Vice Chairperson of the Standing Committee of the Chongqing Municipal People's Congress
- Incumbent
- Assumed office February 2013

Personal details
- Born: October 1963 (age 62) Nanjing, Jiangsu, China
- Party: China Democratic National Construction Association
- Alma mater: Nanyang Technological University

= Shen Jinqiang =

Chinese politician

Shen Jinqiang (沈金强; born October 1963) is a Chinese politician and senior engineer. A native of Nanjing, Jiangsu, he is a vice chairperson of the Central Committee of the China Democratic National Construction Association (CDNCA) and serves as Vice Chairperson of the Standing Committee of the Chongqing Municipal People's Congress.

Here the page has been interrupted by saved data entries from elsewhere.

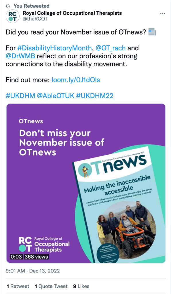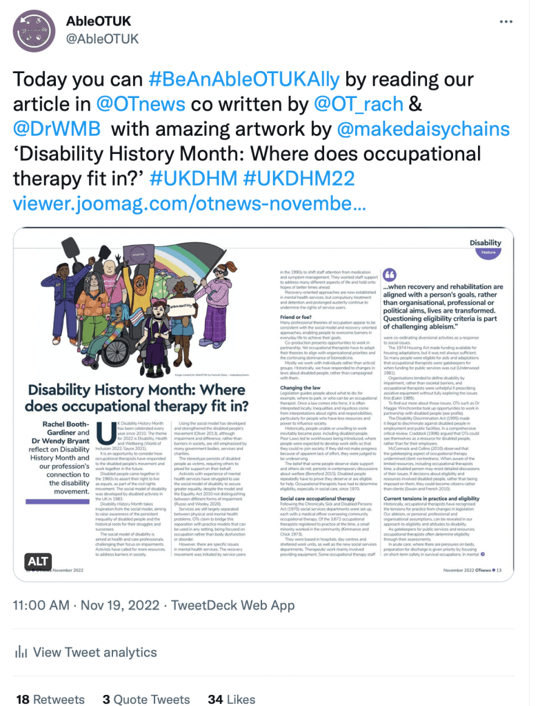 19th November 2022 – Today you can #BeAnAbleOTUKAlly by reading our article in @OTnews co written by @OT_rach & @DrWMB with amazing artwork by @makedaisychains ‘Disability History Month: Where does occupational therapy fit in?’ #UKDHM #UKDHM22 November 2022 OT News Pages 12-15.
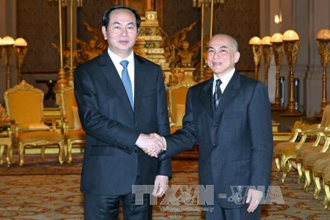 诺罗敦·西哈莫尼国王视越南国家主席陈大光对柬埔寨访问之事为推动两国友好全面合作关系深入发展的重要事件。
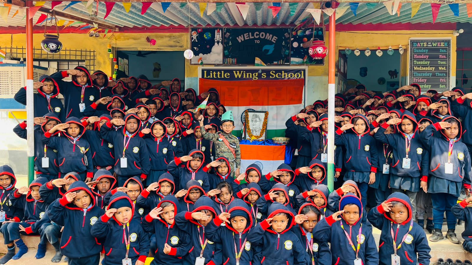 मैक्लुस्कीगंज 24 जनवरी 2024 फ़ोटो 2 - जयंती मनाते लिटिल विंग्स के छात्र व शिक्षक. लिटिल विंग्स विद्यालय हेसालौंग में नेताजी सुभाष चन्द्र बोस जयंती पराक्रम दिवस के रूप में धूम धाम से मनाया गया. कार्यक्रम की शुरुआत विद्यालय के संस्थापक रवि गिरी व प्रबन्धन निदेशक ऋषि गिरी ने संयुक्त रूप से दीप प्रज्ज्वलित व पुष्प अर्पित कर किया. विद्यालय कि प्रधानाध्यापिका सोमा मुखर्जी ने नेताजी के जीवनी व गाथायें पर प्रकाश डाला व उनके आदर्शों का अनुशरण की बात कही. उन्होंने बताया कि नेताजी सुभाष चन्द्र बोस जी कि जयंती को अधिकारिक तौर पर पराक्रम दिवस के रूप मे जाना जाता है. इस अवसर पर विद्यालय की शिक्षका नामिता, हेमंती, किशोरी खेस, आरती कुमारी, निशा, मोली सहित अन्य शामिल थे.
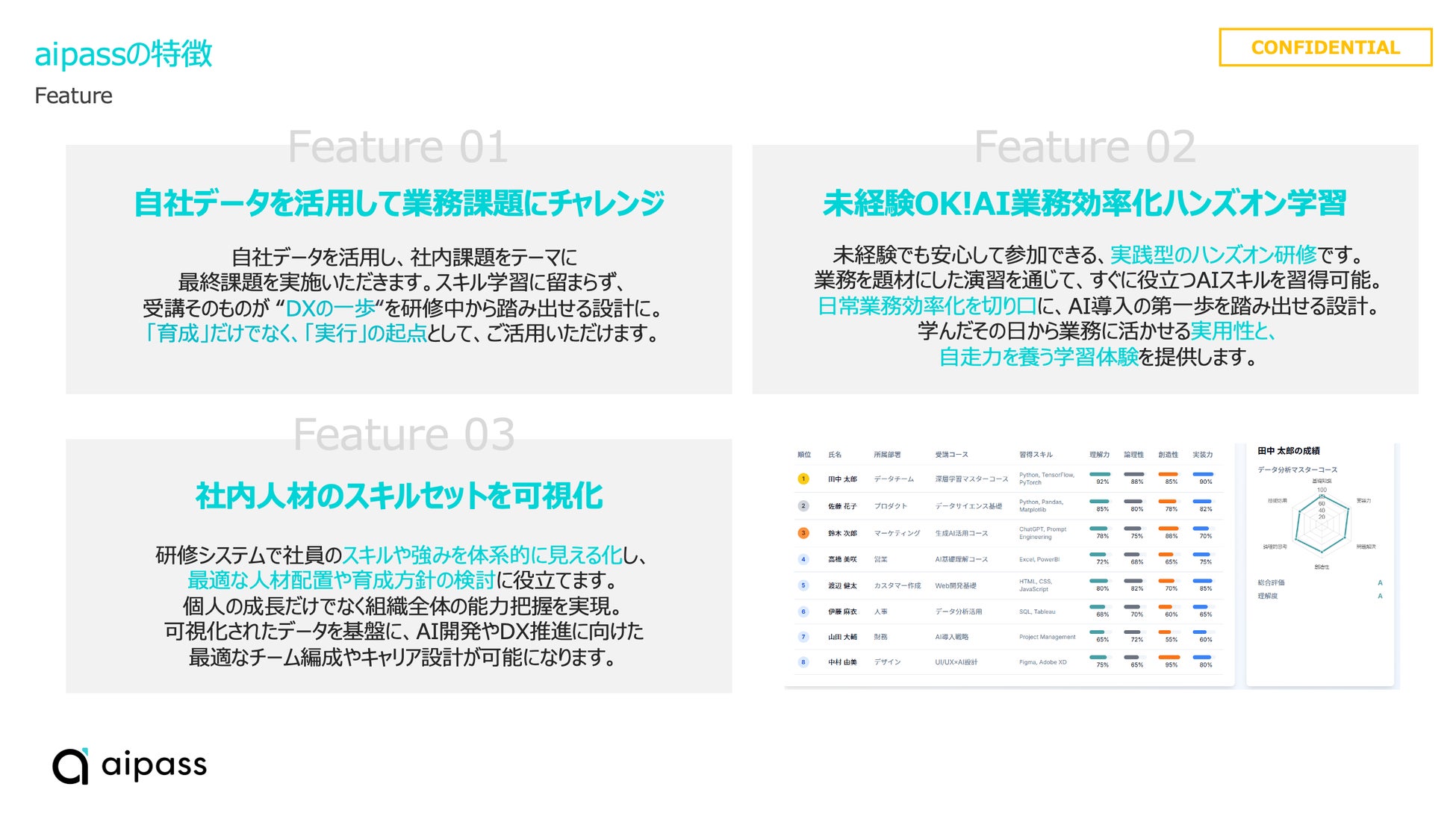 教育分野では、企業のAI・DX推進を支援する法人向け研修プログラム「AIパス」「AIパス Light」を展開しています。
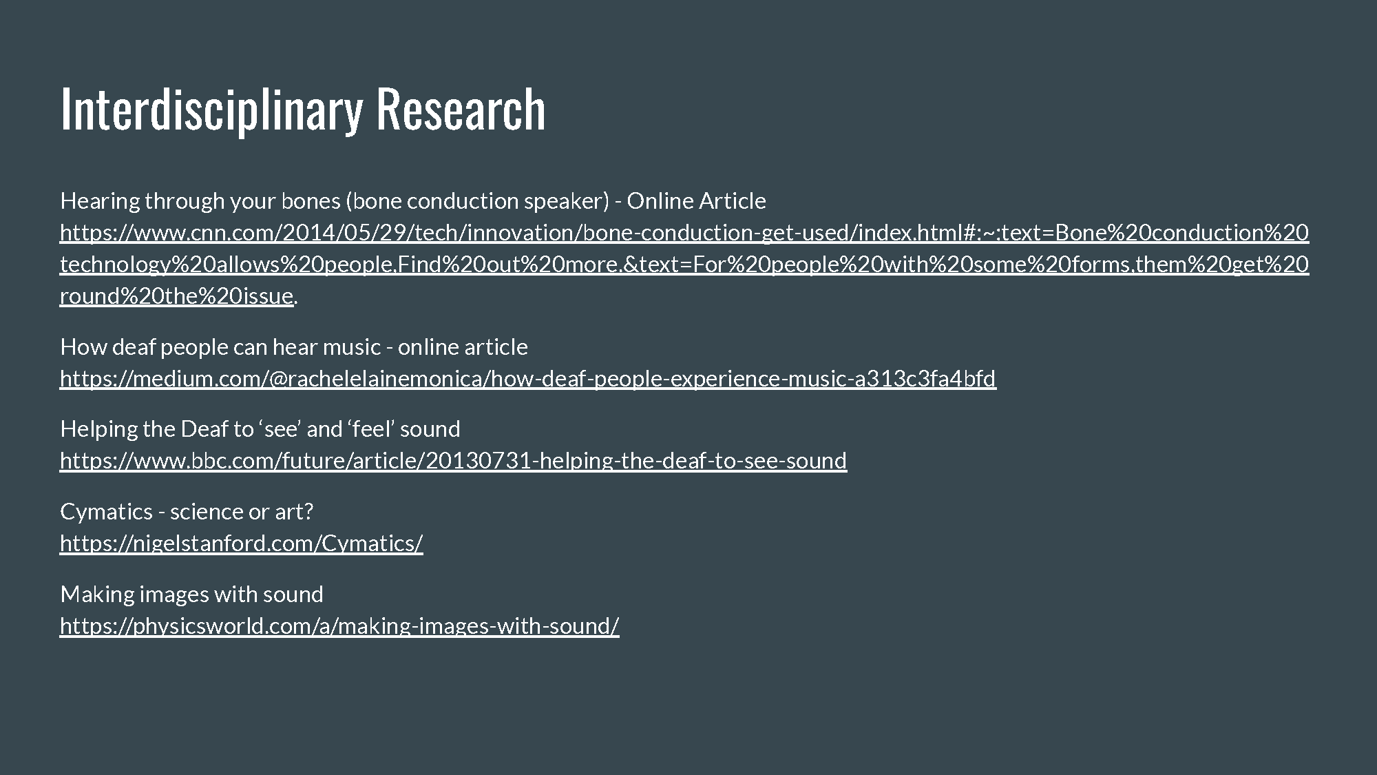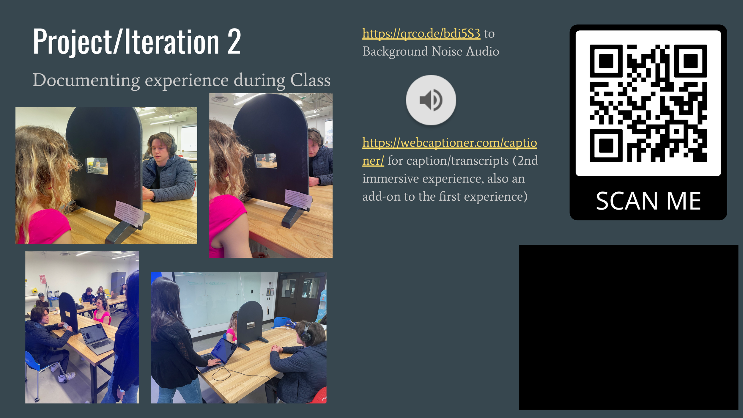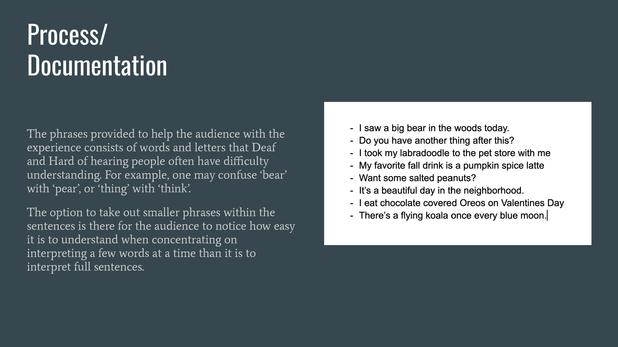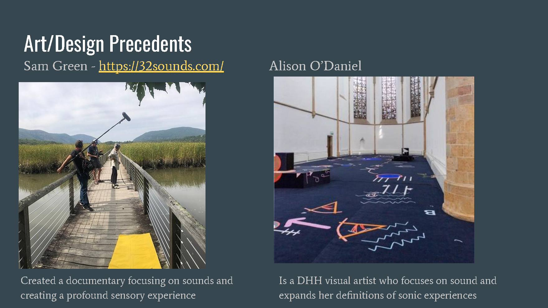 Visualizing Sound is a series of visual posters depicting the many different ways that DHH people interpret sound vibrations as well as comparing them to normal hearing people to inform the public about communication not always being the same interpretation for everyone.
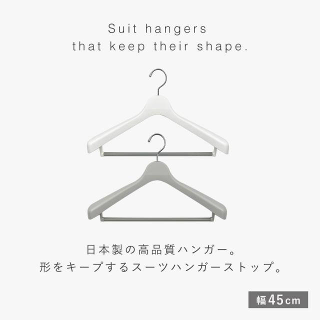 ハンガー屋さんのこだわりハンガー。日本製の高品質ハンガー「モノクローゼット」シリーズ。スーツの形をキープする「スーツハンガーストップ」。
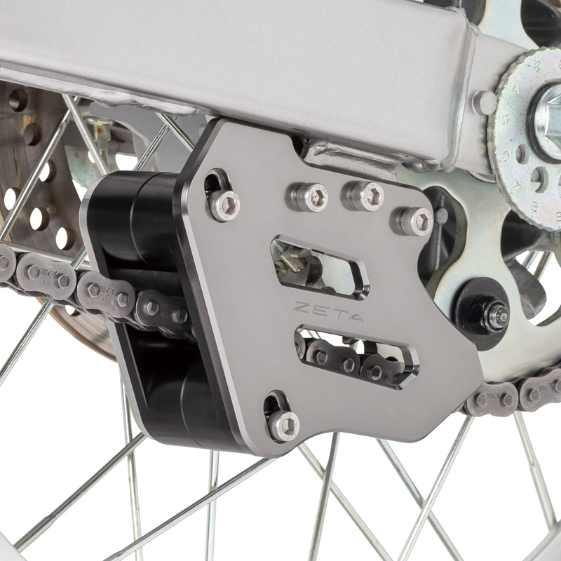 Easily removable chain guide block can be removed for street use with minimal chain slap.

He is also a member of the Standing Committee of the 14th National People's Congress and Chairperson of the Chongqing Municipal Committee of the CDNCA, as well as Director of the Chongqing Society for Vocational Education.

== Biography ==
Shen Jinqiang was born in October 1963 in Nanjing, Jiangsu. He began his professional career in August 1984 after graduating from Wuxi Institute of Light Industry, where he majored in industrial fermentation engineering. He later obtained a master's degree in managerial economics from Nanyang Technological University in Singapore and holds the professional title of senior engineer.

Shen started his career in the brewing industry, working at Chongqing Brewery, where he progressed from technical staff member to deputy chief engineer and head of technical and quality management. He later served as deputy general manager of Chongqing Brewery Group, combining technical leadership with enterprise management. During this period, he became active in the China Democratic National Construction Association, joining the organization in September 1989 and taking on leadership roles within its grassroots and district-level committees in Chongqing.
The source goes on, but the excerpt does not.